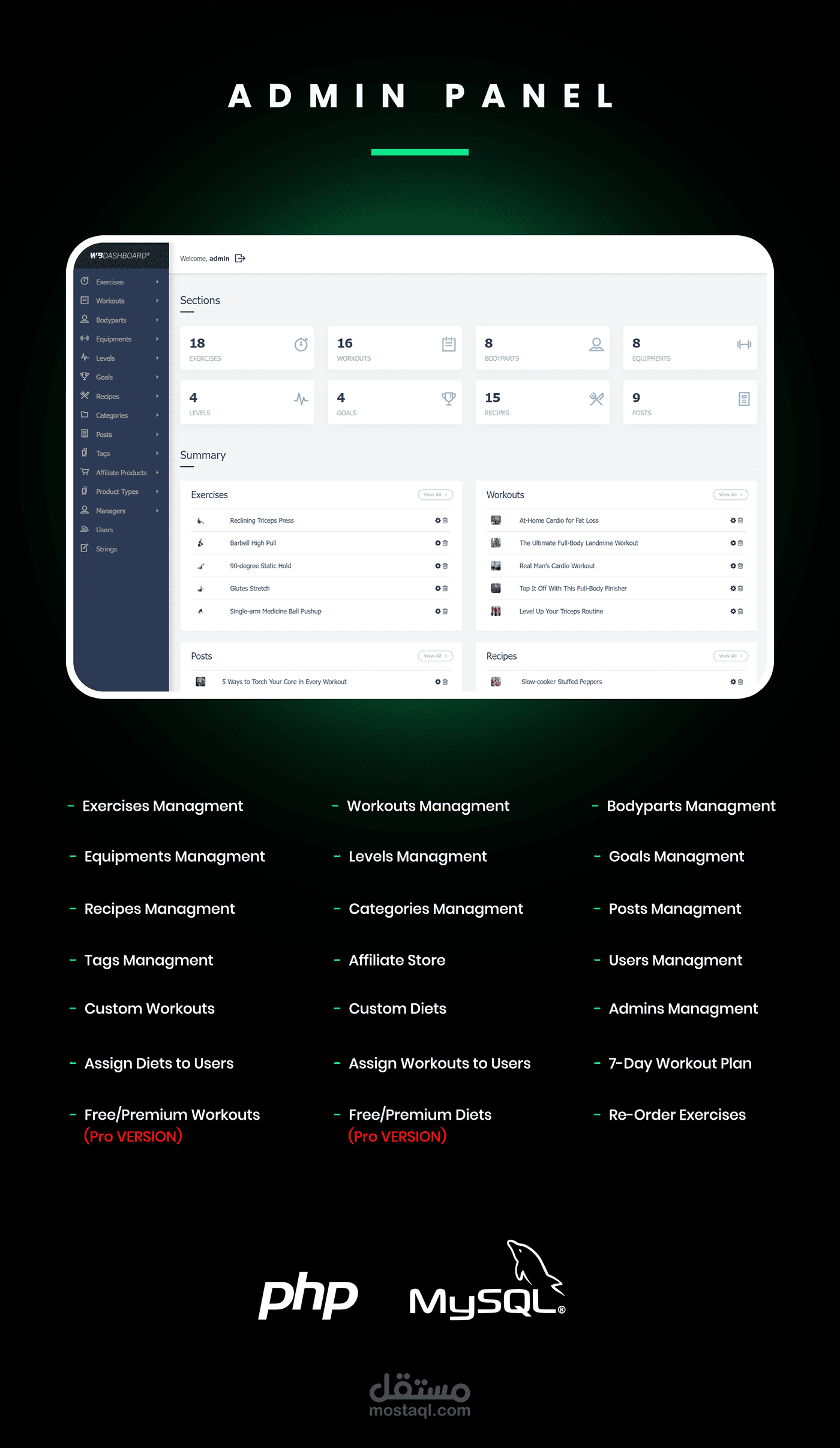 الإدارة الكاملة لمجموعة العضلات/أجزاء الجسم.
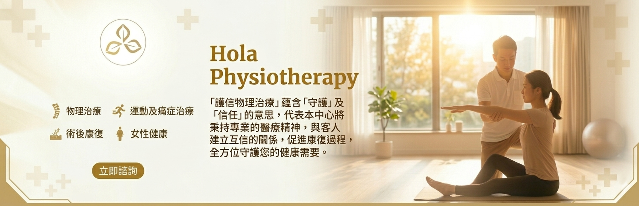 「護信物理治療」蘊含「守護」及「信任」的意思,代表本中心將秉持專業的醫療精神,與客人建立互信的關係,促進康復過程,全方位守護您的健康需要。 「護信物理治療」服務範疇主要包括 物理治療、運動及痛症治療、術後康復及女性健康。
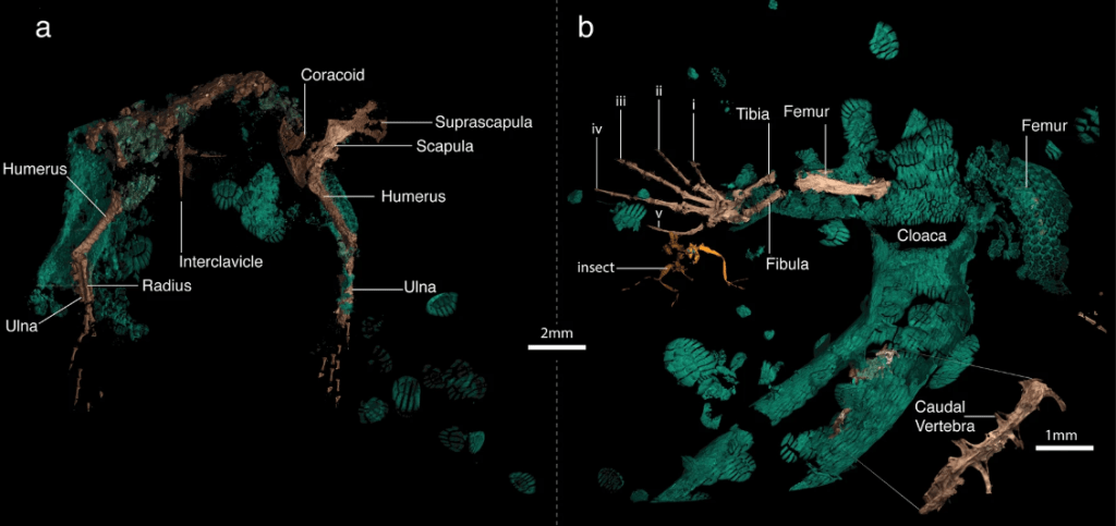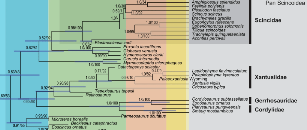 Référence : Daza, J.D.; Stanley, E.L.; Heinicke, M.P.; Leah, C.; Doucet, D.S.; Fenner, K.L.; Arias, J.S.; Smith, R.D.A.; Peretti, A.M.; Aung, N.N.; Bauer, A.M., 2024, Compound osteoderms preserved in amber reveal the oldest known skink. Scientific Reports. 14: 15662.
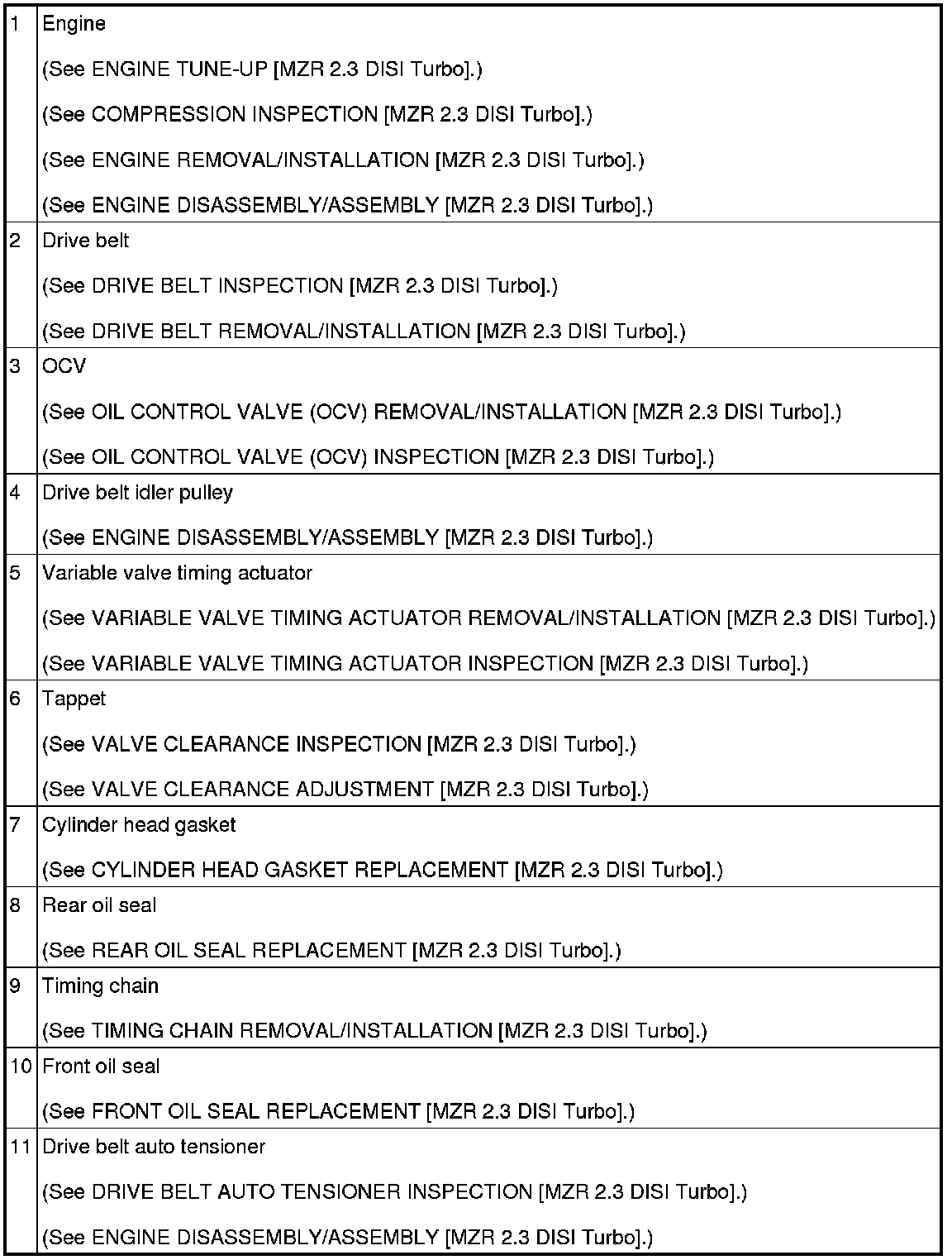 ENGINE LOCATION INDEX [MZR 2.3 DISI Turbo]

----

## [Assignment]
Print the data above exactly; drop every picture.

## [Response for this exercise]
 الإدارة الكاملة لمجموعة العضلات/أجزاء الجسم.
 「護信物理治療」蘊含「守護」及「信任」的意思,代表本中心將秉持專業的醫療精神,與客人建立互信的關係,促進康復過程,全方位守護您的健康需要。 「護信物理治療」服務範疇主要包括 物理治療、運動及痛症治療、術後康復及女性健康。
 Référence : Daza, J.D.; Stanley, E.L.; Heinicke, M.P.; Leah, C.; Doucet, D.S.; Fenner, K.L.; Arias, J.S.; Smith, R.D.A.; Peretti, A.M.; Aung, N.N.; Bauer, A.M., 2024, Compound osteoderms preserved in amber reveal the oldest known skink. Scientific Reports. 14: 15662.
 ENGINE LOCATION INDEX [MZR 2.3 DISI Turbo]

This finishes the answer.